The present invention is concerned with fabricating polymeric fluorocarbon layers, and especially concerned with fabricating such layers by a plasma-enhanced chemical vapor deposition. The fluorocarbon films produced by the process of the present invention are especially useful as insulating materials and specifically as interlevel insulating material between metal line interconnects in integrated circuits. The process of the present invention is compatible with projected integrated chip processing and provides high reliability, batch processing, compatibility with vacuum integrated processing and a good deposition rate for back-end-of-line (BEOL) applications.

BACKGROUND ART

In advanced microelectronic chips, structures referred to as back-end-of-line (BEOL) metallization employ several layers of metal interconnections each separated by a dielectric layer. At the present time, the dielectric typically employed is made of sputtered quartz which has a dielectric constant of about 3.9. However, in order to reduce signal delays in chips for the future, it will be necessary to reduce the dielectric constant so that the capacitance of the metallic layers will be reduced. Much work is presently being done in attempts to replace the quartz with various polyimides. The polyimides typically have a dielectric constant that is at least about 2.8. The polyimides are generally provided onto a chip by wet spin-on techniques followed by subsequent drying at elevated temperatures. However, wet-processing, spin-on and drying processing are not especially desirable since such techniques are difficult to control and tend to employ organic solvents that are undesirable from an environmental viewpoint.

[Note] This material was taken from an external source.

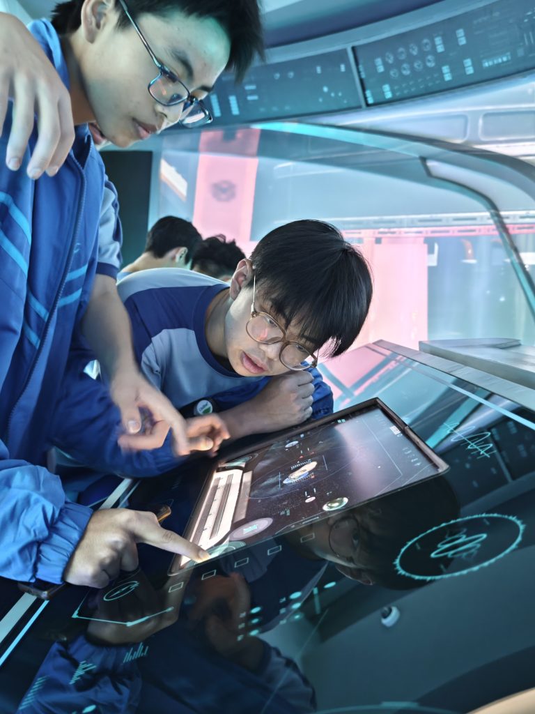 下午,師生一行轉赴珠海太空中心,開啟了激動人心的航太探索之旅。館內,1:1複刻的“天宮一號”空間站模型令同學們歎為觀止,仿佛親身漫步於太空家園。各類國產飛機模型及航天器實物,詳實述說著國家航空航太事業的奮鬥征程。學生們更是積極參與了飛機模擬飛行操作、多種AR互動設備體驗等專案,在沉浸式體驗中感受航太科技的無窮魅力與國之重器的磅礴力量。

Fluorinated polymeric materials such as poly(tetrafluoroethylene)(PTFE) are attractive candidates for advanced electronic packaging applications because of their relatively low dielectric constants, excellent chemical stability, low solvents/moisture absorption and excellent thermal stability. However, because of their relative chemical inertness and hydrophobic nature, these halogenated polymeric materials are difficult to process into electronic packaging structures. The lack of effective processing techniques has inhibited the exploitation of these materials by the electronics industry.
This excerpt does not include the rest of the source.